- [Work to complete]
Please repeat the listing below exactly, but do not include its pictures.
BEGIN Data provided
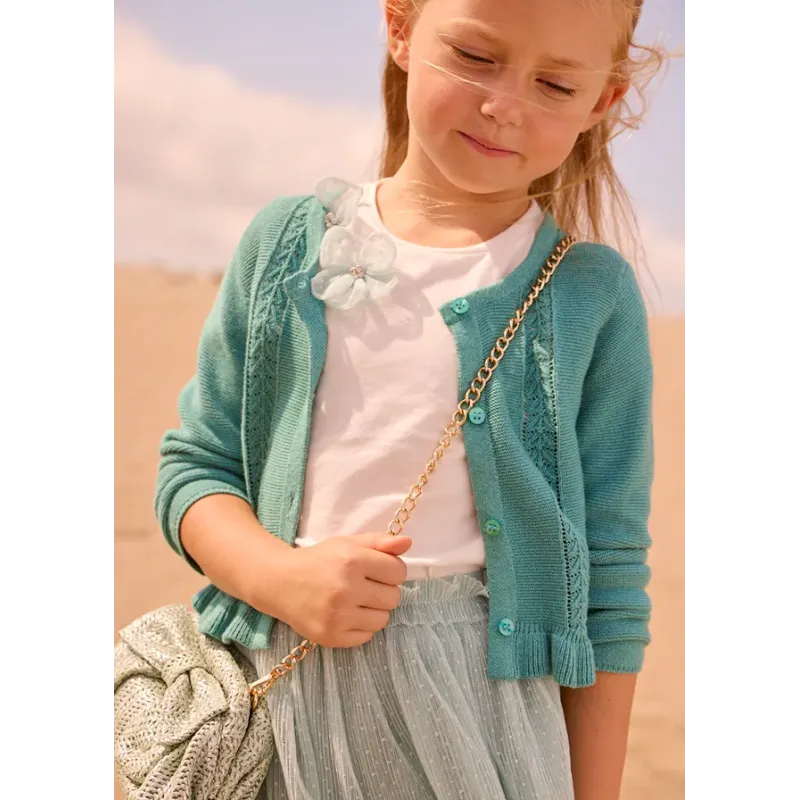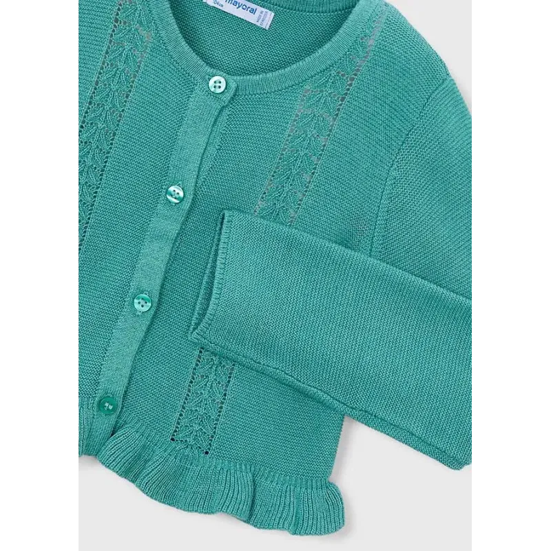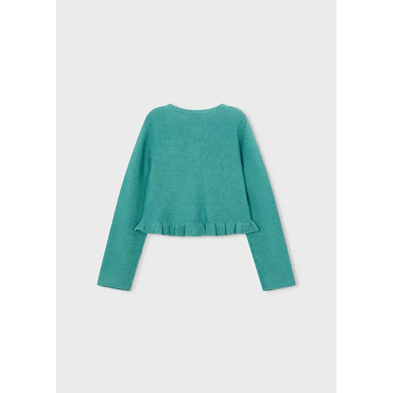 Rozpinany sweterek z dekoracyjną falbanką dla dziewczynki. Skład: 49% Wiskoza, 25% Bawełna, 25% Akry, 1% Poliamid.
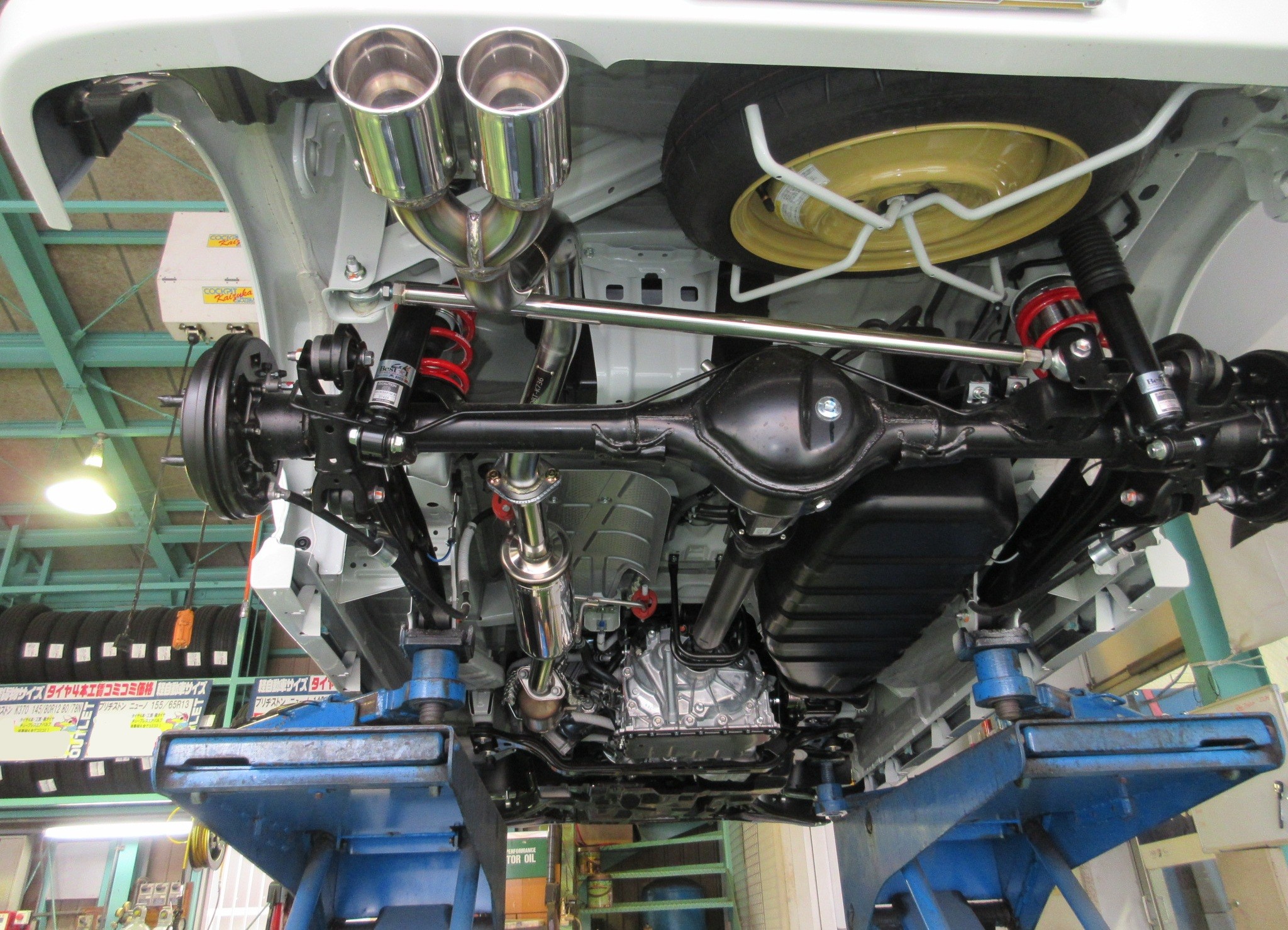 それでもロードクリアランス的には何の問題も無さそうなのは、元のかなり高めの純正車高が良い影響を与えている様に思います。
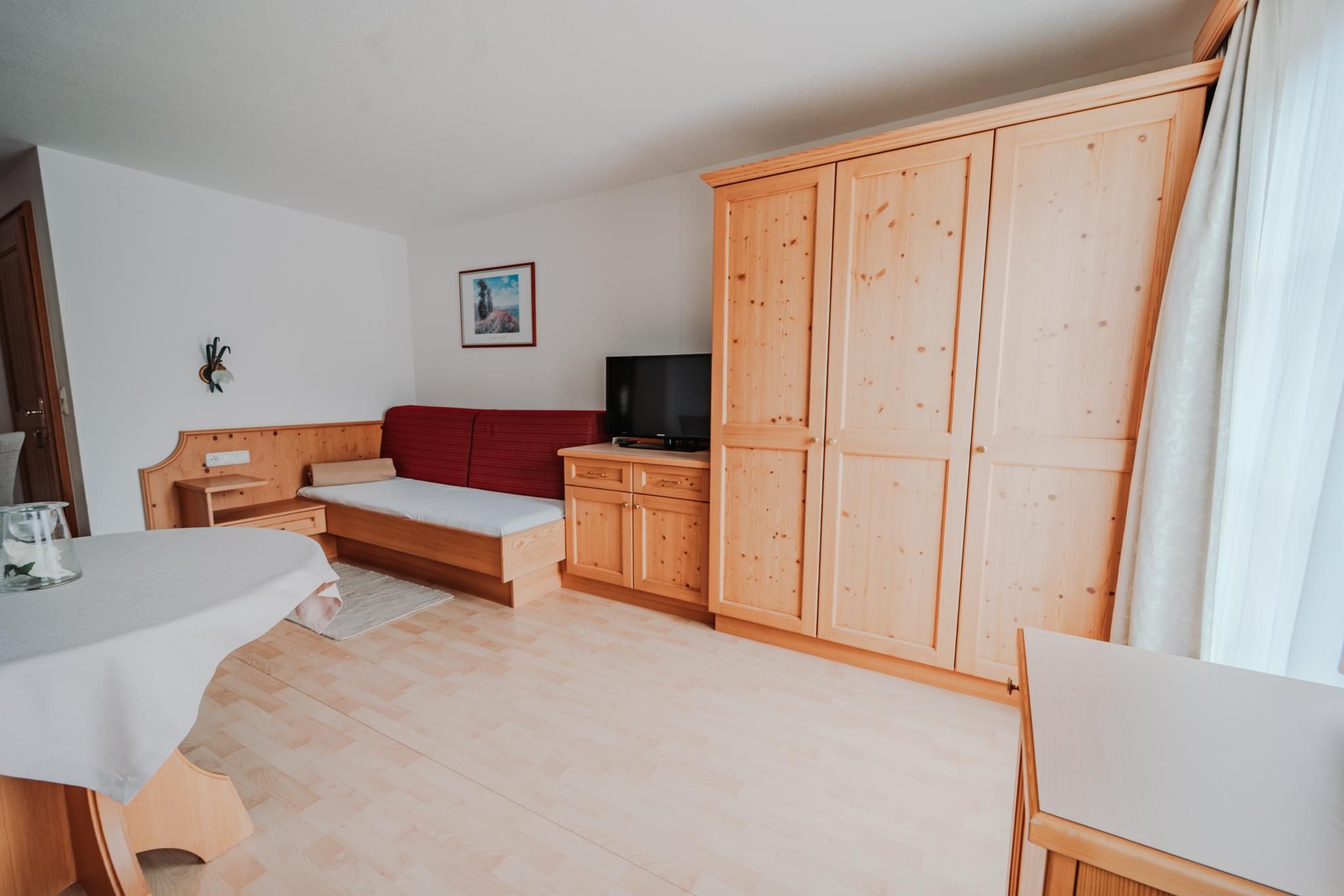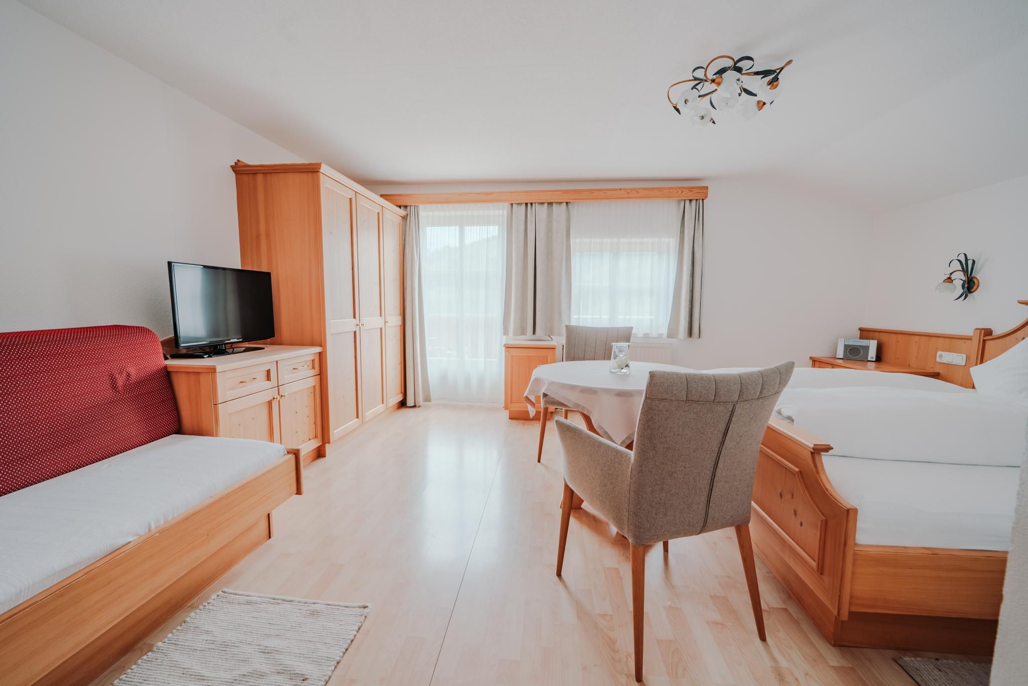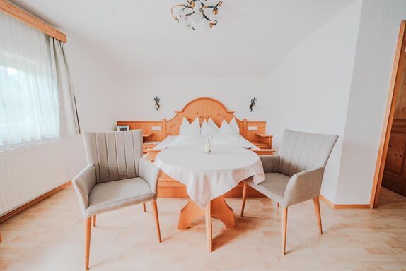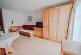 Dieses Zimmer ist ca. 30 m² groß, liegt südseitig und verfügt über einen Balkon, von dem Sie einen wunderbaren Ausblick auf unsere Bergwelt haben. Dusche, WC und Sat-TV sind natürlich vorhanden.
END Data provided
- [Task result]
 Rozpinany sweterek z dekoracyjną falbanką dla dziewczynki. Skład: 49% Wiskoza, 25% Bawełna, 25% Akry, 1% Poliamid.
 それでもロードクリアランス的には何の問題も無さそうなのは、元のかなり高めの純正車高が良い影響を与えている様に思います。
 Dieses Zimmer ist ca. 30 m² groß, liegt südseitig und verfügt über einen Balkon, von dem Sie einen wunderbaren Ausblick auf unsere Bergwelt haben. Dusche, WC und Sat-TV sind natürlich vorhanden.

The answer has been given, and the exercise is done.